# Anyone else waiting??



## max123 (May 9, 2005)

Hi all

Is anyone else out there waiting for delivery of aTribute Trigano 665 sport or any PVC come to that? We ordered ours last Sept.12 and we're originally due to pick it up after xmas 09, but we decided to wait for a 10 plate. We haven't got a firm collection date yet - were given 12/13 April but will know more on the 6th. We've got a number plate but that's it and we're really getting fed up. 

Anyone else like us??

Hel


----------



## Mike48 (May 1, 2005)

I was interested in buying a Tribute and the dealer (Davan) and importer told me at the Shepton Mallet Show last September that if I ordered one there and then I would not receive it until April. I wanted one with a Comfortmatic gearbox so thought this may have been the reason for the delay.
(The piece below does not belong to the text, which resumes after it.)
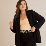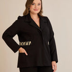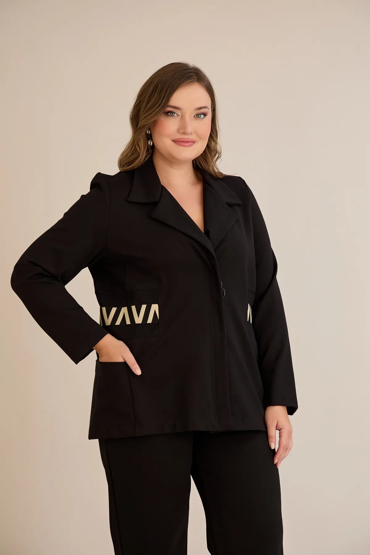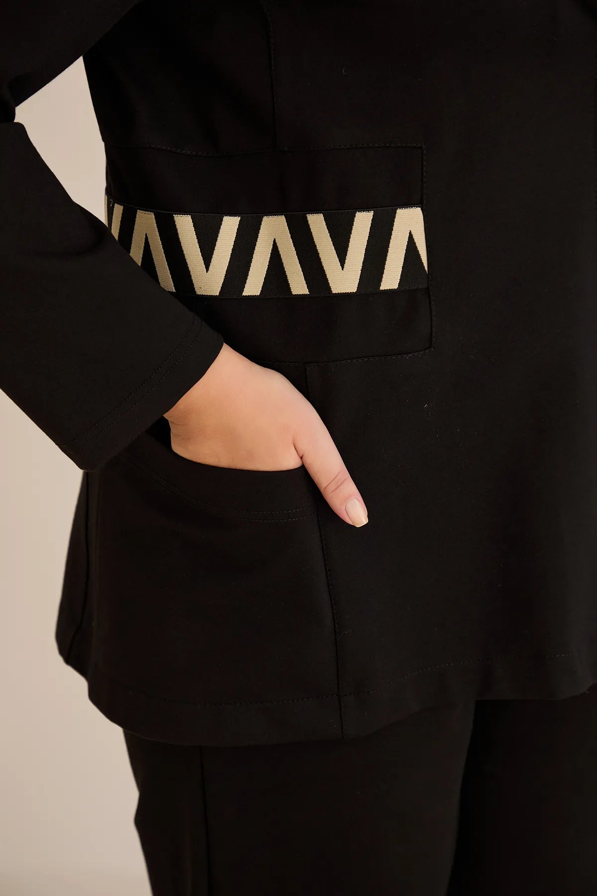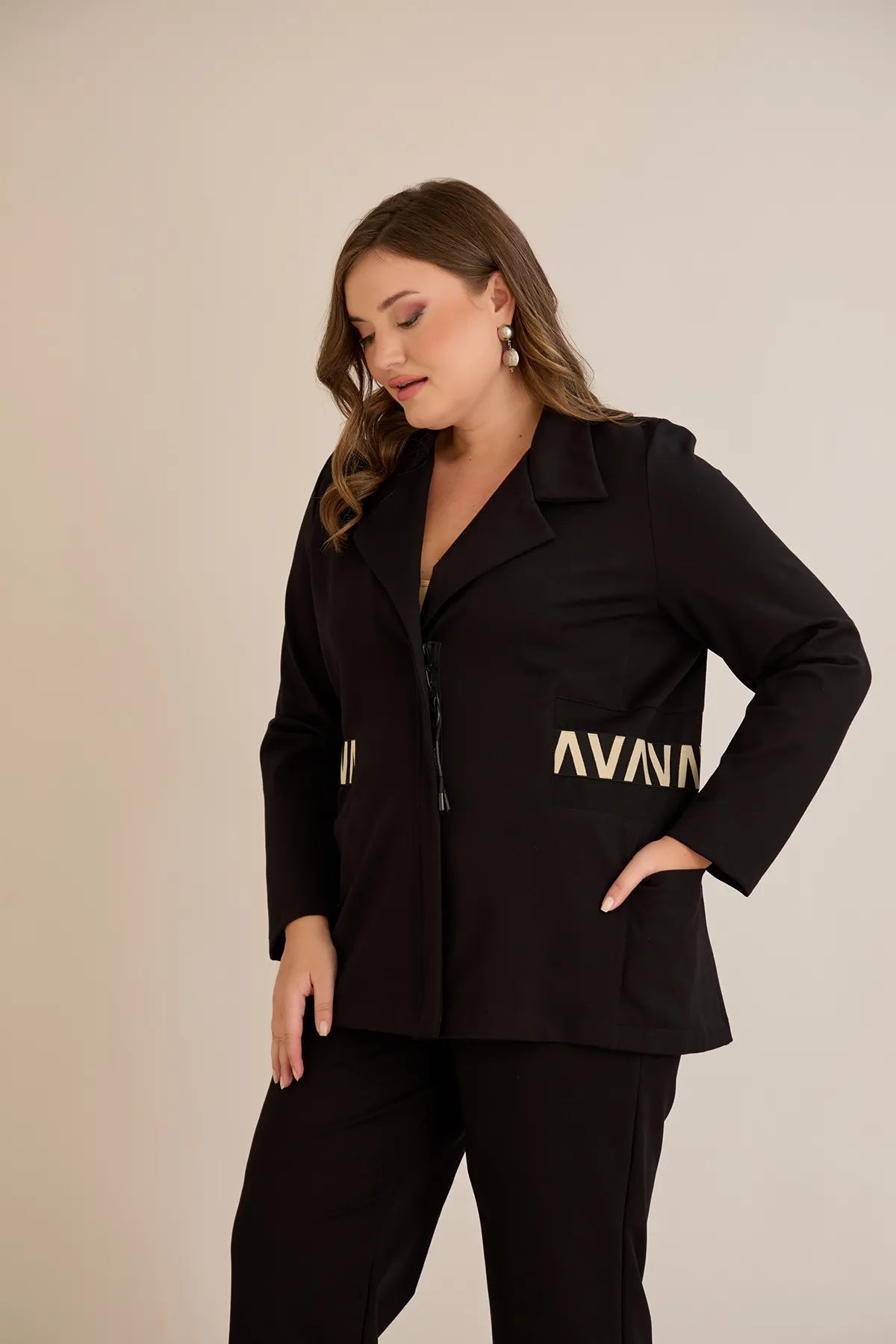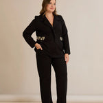 • Ефектен фигурален акцент от широк ластик на колана и на сакото

In the event I bought a Swift Mondial at the NEC in October. I was told that delivery would be in March but a couple of days later the dealer told me that it would be May and gave me the opportunity to back out (which was very fair).

To my surprise the vehicle was delivered to the dealer 2 weeks ago and I will be picking it up on Thursday. So, in short I think what you have been told is probably correct.


----------



## DTPCHEMICALS (Jul 24, 2006)

Brownhills at Newark are showing 2 in stock.

Dave p


----------